Deploy HSTS Safely in Production: A Real-World Case Study

A few years ago I watched a team turn on HSTS in production with a one-line config change and a lot of confidence.

By lunch, support had a queue full of users who couldn’t reach a legacy upload app on a forgotten subdomain. By the end of the day, the team had learned the hard way that HSTS is easy to enable and surprisingly hard to roll back once browsers cache it.

That’s the part people skip.

HSTS is one of the best low-effort security headers you can deploy. It tells browsers: “stop trying HTTP for this site, always use HTTPS.” That blocks protocol downgrade attacks and helps kill off accidental insecure requests. But if you deploy it carelessly, you can brick parts of your own estate for weeks or months.

Here’s a real-world style rollout pattern that works, with the mistakes first and the safer version after.

The situation

The company had:

www.example.com on modern HTTPS
app.example.com on HTTPS
api.example.com on HTTPS
files.example.com pointing to an old system that still served some content over plain HTTP
a bunch of mystery subdomains nobody had audited in years

The goal was simple: enforce HTTPS everywhere and qualify for stronger browser protections.

The first attempt looked like this.

Before: the risky rollout

The ops team added this to the main Nginx config for example.com:

add_header Strict-Transport-Security "max-age=31536000; includeSubDomains; preload" always;

On paper, that looked great:

1 year policy
covers all subdomains
ready for preload

In reality, it assumed every current and future subdomain was HTTPS-clean, permanently.

It wasn’t.

What broke

Users who had visited www.example.com got the HSTS policy cached by their browser. Because includeSubDomains was set, the browser also forced HTTPS for files.example.com.

But files.example.com didn’t fully support HTTPS. Some requests failed. Some redirected in circles. Some hit certificate errors.

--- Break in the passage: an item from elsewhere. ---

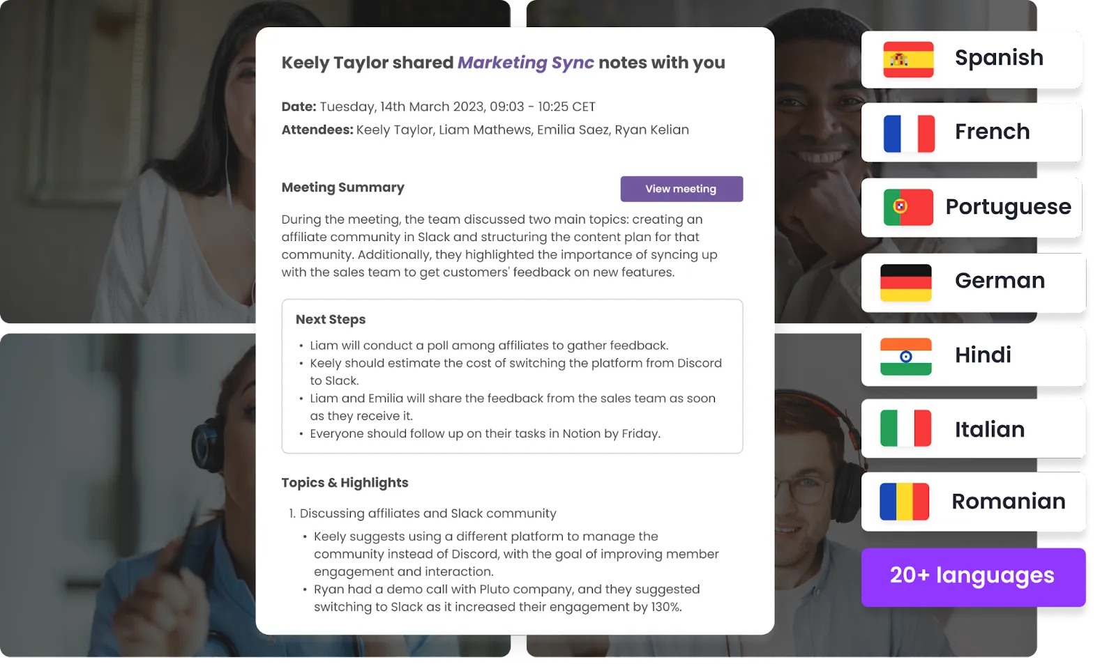 A boa notícia é que o MeetGeek usa algoritmos avançados de IA para gerar transcrições precisas em mais de 50 idiomas, para que você possa ter reuniões bem-sucedidas, não importa onde esteja.

The ugly part: once the browser cached the policy, telling users “just try HTTP” stopped working. The browser refused.

That’s the operational trap with HSTS. A bad redirect can be fixed on the server. A bad HSTS policy lives in the client.

Why this happens

A browser that sees:

Strict-Transport-Security: max-age=31536000; includeSubDomains

stores a rule for the host for one year. After that:

http://www.example.com becomes https://www.example.com before the request is sent
if includeSubDomains is present, http://anything.example.com also gets upgraded
if HTTPS is broken on one of those hosts, users are stuck until the policy expires or they manually clear browser state

Preload makes this even more permanent, because browsers ship your domain in a built-in list. That’s great when you’re ready. It’s reckless when you’re not.

The safer rollout

The second attempt was boring, staged, and much better.

Phase 1: audit first

Before sending any HSTS header, the team made an inventory:

every DNS record under example.com
every app and CDN endpoint
every external vendor CNAME
certificates for all public hosts
redirect behavior from HTTP to HTTPS

This is the unglamorous part nobody wants to do. Do it anyway.

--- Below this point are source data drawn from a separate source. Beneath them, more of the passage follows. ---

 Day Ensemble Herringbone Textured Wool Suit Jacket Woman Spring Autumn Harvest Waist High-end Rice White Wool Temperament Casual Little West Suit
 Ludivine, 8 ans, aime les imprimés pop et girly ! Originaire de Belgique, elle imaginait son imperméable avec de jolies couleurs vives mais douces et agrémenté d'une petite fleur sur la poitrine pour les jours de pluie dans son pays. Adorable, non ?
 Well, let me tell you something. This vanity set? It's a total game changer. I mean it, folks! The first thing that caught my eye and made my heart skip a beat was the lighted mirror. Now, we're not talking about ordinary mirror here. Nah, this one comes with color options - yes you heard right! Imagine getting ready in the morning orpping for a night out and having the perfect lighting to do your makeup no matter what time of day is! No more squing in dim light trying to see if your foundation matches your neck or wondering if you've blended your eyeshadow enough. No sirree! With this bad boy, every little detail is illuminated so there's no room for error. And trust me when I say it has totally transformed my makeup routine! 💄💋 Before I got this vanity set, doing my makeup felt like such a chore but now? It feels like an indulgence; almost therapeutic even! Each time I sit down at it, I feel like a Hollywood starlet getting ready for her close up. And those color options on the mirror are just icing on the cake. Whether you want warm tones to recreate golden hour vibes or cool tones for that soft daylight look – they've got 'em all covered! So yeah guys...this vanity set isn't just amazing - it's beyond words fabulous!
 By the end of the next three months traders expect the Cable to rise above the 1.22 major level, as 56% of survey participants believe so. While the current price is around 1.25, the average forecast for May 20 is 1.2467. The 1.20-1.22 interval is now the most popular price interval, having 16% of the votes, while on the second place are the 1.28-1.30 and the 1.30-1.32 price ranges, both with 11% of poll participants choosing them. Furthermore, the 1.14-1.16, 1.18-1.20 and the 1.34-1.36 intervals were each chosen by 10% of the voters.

I usually care about four checks:

Does the host resolve publicly?
Does HTTP redirect cleanly to HTTPS?
Does HTTPS load with a valid cert and full chain?
Are there mixed-content or callback flows that still assume HTTP?

A quick external headers check also helps catch obvious mistakes. If you want a fast sanity check before rollout, run a free security headers scan at HeaderTest.

Phase 2: start with a short max-age

Instead of going straight to one year, they deployed HSTS only on the main site with a tiny duration:

add_header Strict-Transport-Security "max-age=300" always;

That’s 5 minutes.

No includeSubDomains. No preload. No heroics.

This gave them a safe test window. If they found a problem, the browser cache would age out quickly.

For Apache, the equivalent looked like this:

Header always set Strict-Transport-Security "max-age=300"

For an Express app behind TLS termination, if the app itself sets headers:

app.use((req, res, next) => {
  res.setHeader('Strict-Transport-Security', 'max-age=300');
  next();
});

Though honestly, I prefer setting HSTS at the edge proxy or load balancer so it’s consistent across apps.

Phase 3: verify real behavior

After deploying the short policy, the team tested:

fresh browser sessions
repeat visits after HSTS caching
login redirects
SSO callbacks
mobile apps using embedded webviews
old bookmarked HTTP URLs
direct visits to known subdomains

They also checked that HTTP always redirected to HTTPS before app logic ran.

Bad:

location / {
    proxy_pass http://app_backend;
}

server {
    listen 80;
    server_name example.com;
}

Better:

server {
    listen 80;
    server_name example.com www.example.com;
    return 301 https://$host$request_uri;
}

server {
    listen 443 ssl http2;
    server_name example.com www.example.com;

    ssl_certificate /etc/ssl/fullchain.pem;
    ssl_certificate_key /etc/ssl/private/key.pem;

    add_header Strict-Transport-Security "max-age=300" always;

    location / {
        proxy_pass http://app_backend;
    }
}

That ordering matters. HSTS does not replace redirects. It teaches browsers to stop needing them later.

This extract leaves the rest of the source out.